Excerpted records START
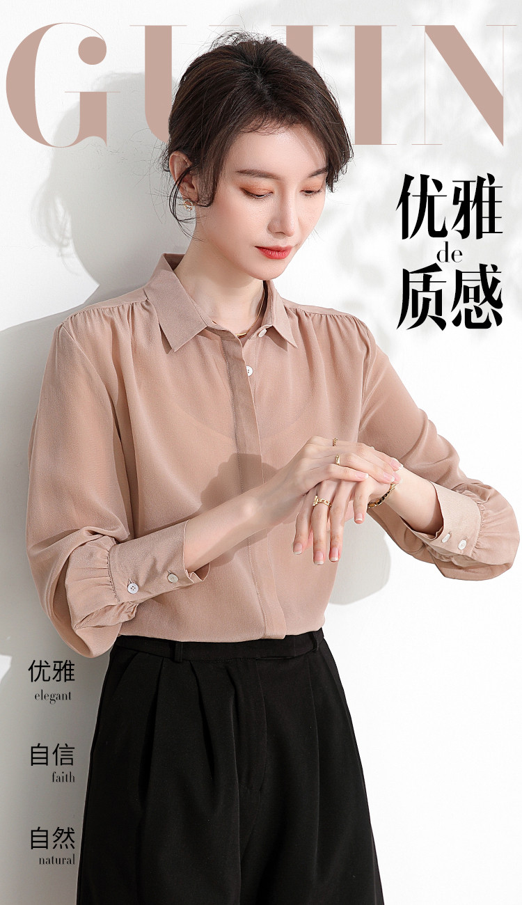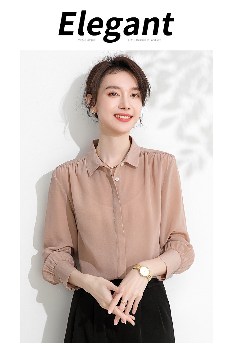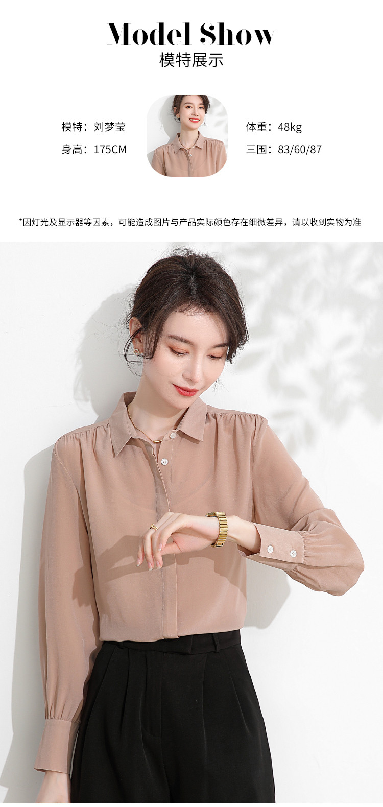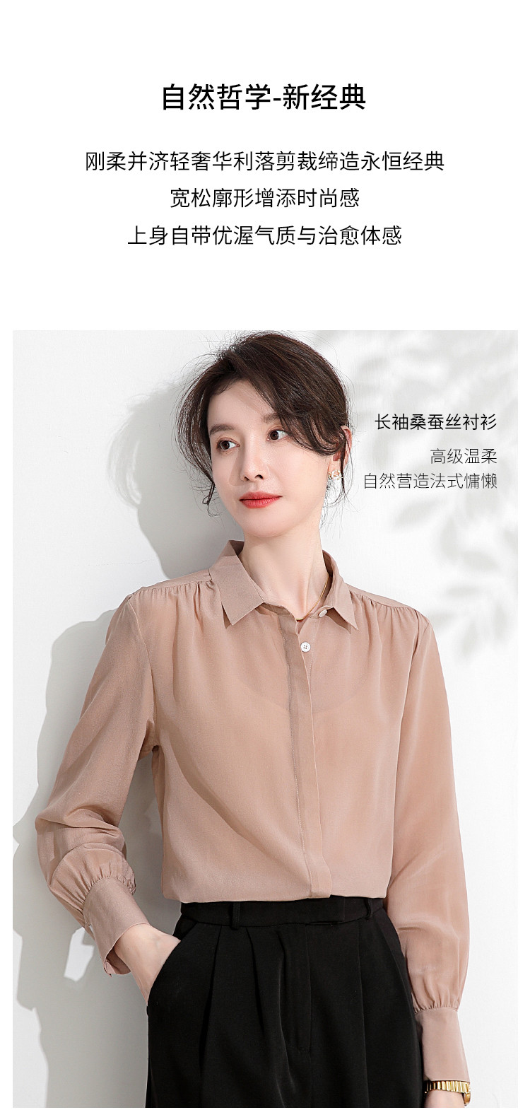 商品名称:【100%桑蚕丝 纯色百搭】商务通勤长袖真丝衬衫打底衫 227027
Excerpted records END
Excerpted records START
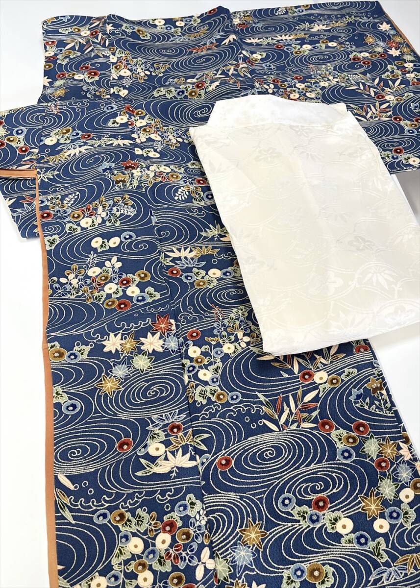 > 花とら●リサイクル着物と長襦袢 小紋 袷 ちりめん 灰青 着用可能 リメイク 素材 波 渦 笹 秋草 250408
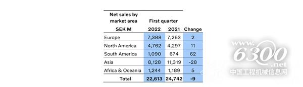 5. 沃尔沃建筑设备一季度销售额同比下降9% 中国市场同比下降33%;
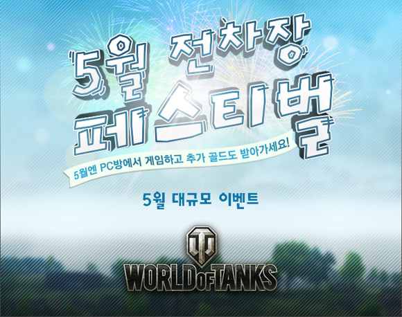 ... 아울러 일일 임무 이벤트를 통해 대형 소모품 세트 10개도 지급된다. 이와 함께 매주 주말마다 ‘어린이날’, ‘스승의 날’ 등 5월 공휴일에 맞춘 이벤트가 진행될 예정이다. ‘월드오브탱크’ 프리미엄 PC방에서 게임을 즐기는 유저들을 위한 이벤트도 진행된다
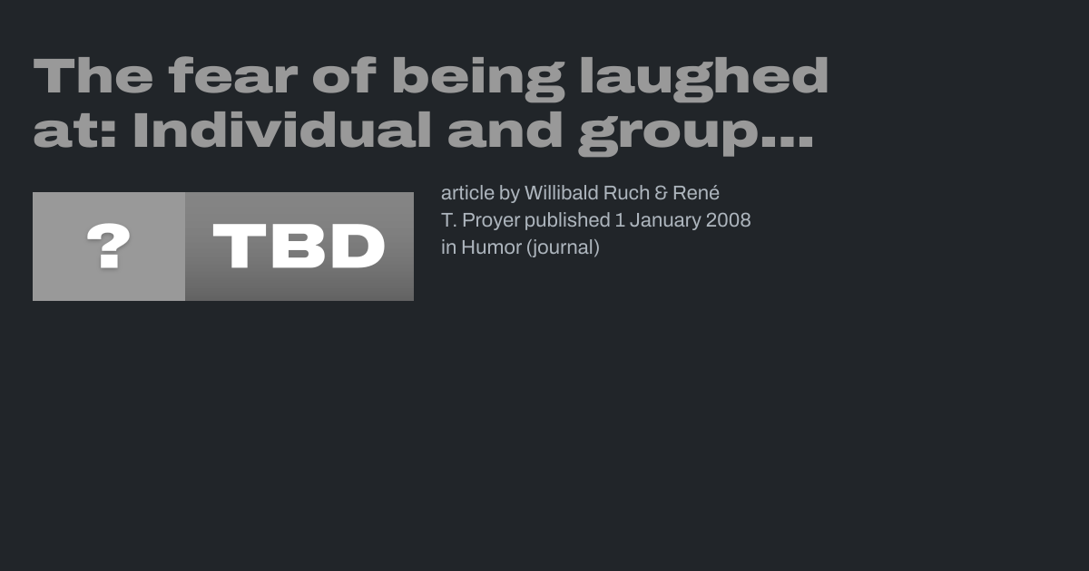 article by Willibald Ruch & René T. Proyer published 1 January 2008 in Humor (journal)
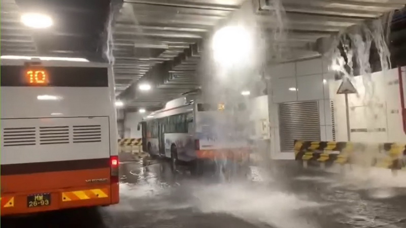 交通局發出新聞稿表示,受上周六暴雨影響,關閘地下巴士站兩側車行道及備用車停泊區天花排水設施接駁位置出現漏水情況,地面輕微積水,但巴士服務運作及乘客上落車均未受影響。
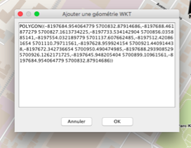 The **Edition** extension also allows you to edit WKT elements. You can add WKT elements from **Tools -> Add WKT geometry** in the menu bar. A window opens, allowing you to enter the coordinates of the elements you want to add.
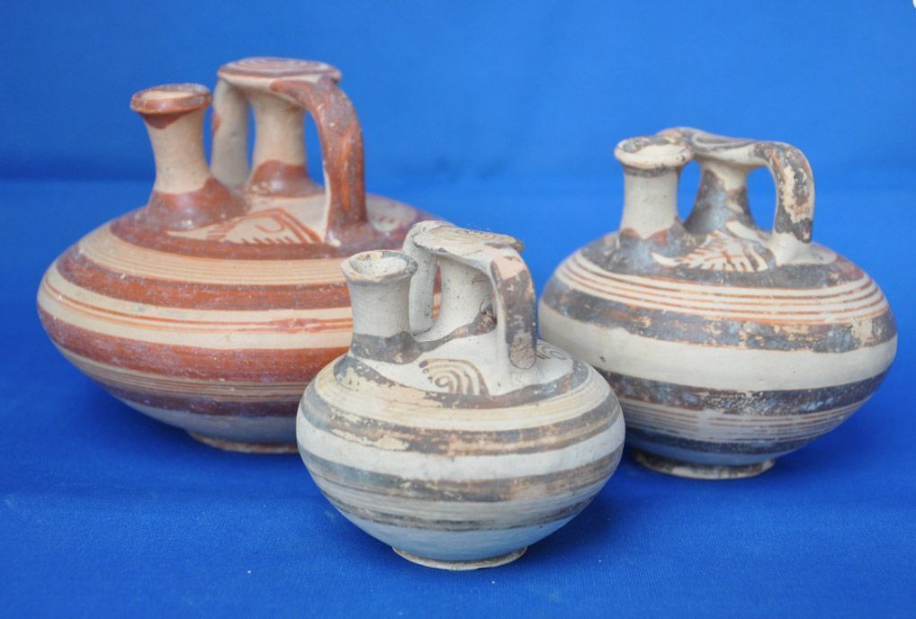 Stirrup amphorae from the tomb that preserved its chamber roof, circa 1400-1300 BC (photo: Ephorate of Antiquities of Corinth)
Excerpted records END
Excerpted records START
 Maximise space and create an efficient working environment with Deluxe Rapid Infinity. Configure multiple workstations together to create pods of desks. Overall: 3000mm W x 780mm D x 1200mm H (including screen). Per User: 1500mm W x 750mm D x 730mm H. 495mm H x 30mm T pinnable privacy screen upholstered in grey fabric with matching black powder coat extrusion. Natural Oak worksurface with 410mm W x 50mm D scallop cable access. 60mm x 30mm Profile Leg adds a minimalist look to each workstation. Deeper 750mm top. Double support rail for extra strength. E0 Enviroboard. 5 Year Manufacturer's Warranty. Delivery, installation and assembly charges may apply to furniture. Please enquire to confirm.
Excerpted records END
• _Exercise aim_
The answer is those lines of the material above that run from the one containing "5. 沃尔沃建筑设备一季度销售额同比下降9% 中国市场同比下降33%;" up to and including the one containing "Stirrup amphorae from", restated exactly and without images.

• _Task result_
 5. 沃尔沃建筑设备一季度销售额同比下降9% 中国市场同比下降33%;
 ... 아울러 일일 임무 이벤트를 통해 대형 소모품 세트 10개도 지급된다. 이와 함께 매주 주말마다 ‘어린이날’, ‘스승의 날’ 등 5월 공휴일에 맞춘 이벤트가 진행될 예정이다. ‘월드오브탱크’ 프리미엄 PC방에서 게임을 즐기는 유저들을 위한 이벤트도 진행된다
 article by Willibald Ruch & René T. Proyer published 1 January 2008 in Humor (journal)
 交通局發出新聞稿表示,受上周六暴雨影響,關閘地下巴士站兩側車行道及備用車停泊區天花排水設施接駁位置出現漏水情況,地面輕微積水,但巴士服務運作及乘客上落車均未受影響。
 The **Edition** extension also allows you to edit WKT elements. You can add WKT elements from **Tools -> Add WKT geometry** in the menu bar. A window opens, allowing you to enter the coordinates of the elements you want to add.
 Stirrup amphorae from the tomb that preserved its chamber roof, circa 1400-1300 BC (photo: Ephorate of Antiquities of Corinth)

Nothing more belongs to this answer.